Sheikh Khalifa's official translator speaks about on close friendship of Rulers
'The relationship is rare and precious'
Less than a decade after the birth of the UAE, Queen Elizabeth was welcomed here on an official state visit.
Her first invitation, in 1979, came from Sheikh Zayed, the founding President, who was a personal friend of the British monarch.
Just eight years after the country was formed, the queen spent three days here, sailing from Abu Dhabi to Dubai in the British royal yacht HMY Britannia, which became one of the first vessels to dock at the new Jebel Ali Port.
Two and a half years ago, she returned for her second state visit at the invitation of Sheikh Khalifa. This week she returns that hospitality, as Sheikh Khalifa embarks on his first official state visit to the UK in his capacity as President.
Zaki Nusseibeh, who lives in Abu Dhabi, was the official translator for Sheikh Zayed in 1979 and will assume the same role for Sheikh Khalifa in London this week.
"This is a head of state who is invited as a personal guest of the queen, not as a government guest, this is what is important," says Mr Nusseibeh. "He has been to England in his capacity as Crown Prince but this is his first time in his official capacity as President of the UAE.
"Sheikh Zayed had established a very close relationship with the queen, the duke of Edinburgh and the prince of Wales. This is still reflected in the ties of the two governments. The relationship is something very rare, and very precious."
Almost 35 years ago, on February 24, 1979, Queen Elizabeth began what was the first state visit to Abu Dhabi and Dubai by any British monarch.
In Dubai, she opened the World Trade Centre and inaugurated the Jebel Ali Port, which is now one the world's largest.
Much of her time in the capital was spent privately with members of the Ruling family, including an audience with Sheikha Fatima bint Mubarak, the wife of Sheikh Zayed.
Given the two families' close relationship, it was fitting that her first call on her second official state visit, in November 2010, was to pay her respects at the grave of Sheikh Zayed, with whom she remained close friends until his death in 2004.
Accompanied by her husband Prince Philip, the duke of Edinburgh, and second son Prince Andrew, she was driven to his tomb, which lies just outside the courtyard of the Sheikh Zayed Grand Mosque.

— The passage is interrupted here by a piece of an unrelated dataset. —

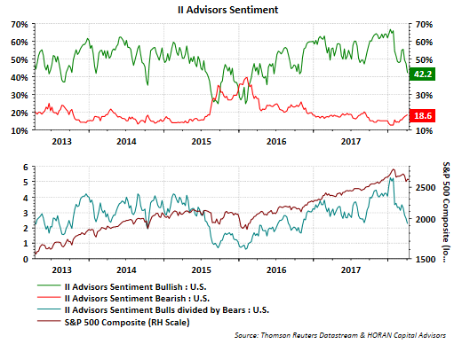 Aldo, newsletter writers are far less bullish with the bullish sentiment falling to 42.2% from nearly 70% at the beginning of this year. The Investor Intelligence Advisors' Sentiment bull/bear ratio has fallen to nearly 2:1 versus over 5:1 at the beginning of the year as well. The II Advisors' Sentiment Survey studies over a hundred independent market newsletters and assesses each author’s current stance on the market: bullish, bearish or correction.

After praying for his soul, she was escorted through the marble-floored courtyard of the mosque by Sheikh Mohammed bin Zayed, Crown Prince of Abu Dhabi and Deputy Supreme Commander of the Armed Forces.
Accompanied by the British foreign secretary, the visit was also fruitful for trade and industry.
"The important thing is that with the new era, Britain and the UAE are developing new ties in new areas, whether it's commerce or health or education or energy," says Mr Nusseibeh.
"This is the important thing.
"Of course, there is also the ceremonial part, which England and the UK are particularly good at.
"And I hope the very strong British community that lives in the UAE will be happy to see the two sovereigns coming together - it is something to feel proud of."